┌──
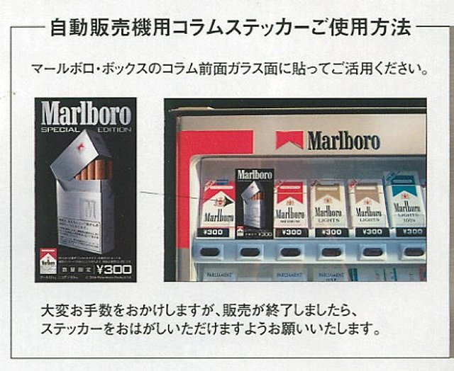 やはりPMさんのMarlboro スペシャルエディション2006にも企画倒れ(練り込み不足)があったようです。左側の画像はメーカーさんの自動販売機用ステッカーなのですが、これを貼った自動販売機での売り上げが目に見えて落ちています。弊店で装填している自動販売機では通常の赤い箱のMarlboroとスペシャルエディションを別コラムにして併売していますが、このメーカー純正ステッカーの効果は素晴らしく、売り上げ比率はなんと20対1。。。 (>_<)
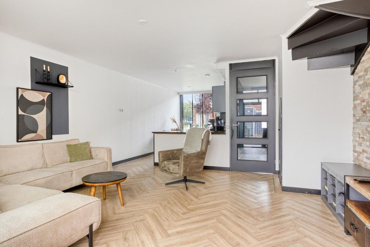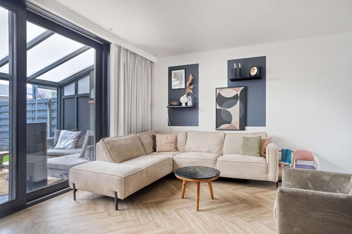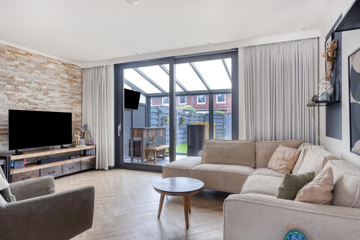 De woonkamer is een prettige ruimte met veel lichtinval dankzij de grote raampartijen en de schuifpui aan de achterzijde.
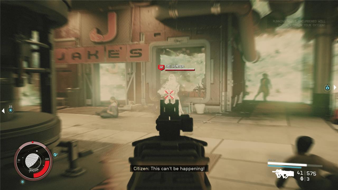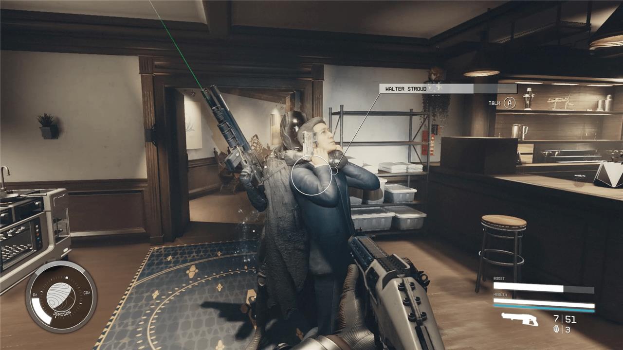 Eventually your objective will change to “check on Walter.” Head up to the bar, if you’re not there already, and you’ll see old Walter getting choked out by a mysterious, invisible individual. Wait for the individual to push Walter over and then start blasting.
└──
§ **What you will do**
Please repeat all of the data exactly, excluding images.

§ **Exercise result**
 やはりPMさんのMarlboro スペシャルエディション2006にも企画倒れ(練り込み不足)があったようです。左側の画像はメーカーさんの自動販売機用ステッカーなのですが、これを貼った自動販売機での売り上げが目に見えて落ちています。弊店で装填している自動販売機では通常の赤い箱のMarlboroとスペシャルエディションを別コラムにして併売していますが、このメーカー純正ステッカーの効果は素晴らしく、売り上げ比率はなんと20対1。。。 (>_<)
 De woonkamer is een prettige ruimte met veel lichtinval dankzij de grote raampartijen en de schuifpui aan de achterzijde.
 Eventually your objective will change to “check on Walter.” Head up to the bar, if you’re not there already, and you’ll see old Walter getting choked out by a mysterious, invisible individual. Wait for the individual to push Walter over and then start blasting.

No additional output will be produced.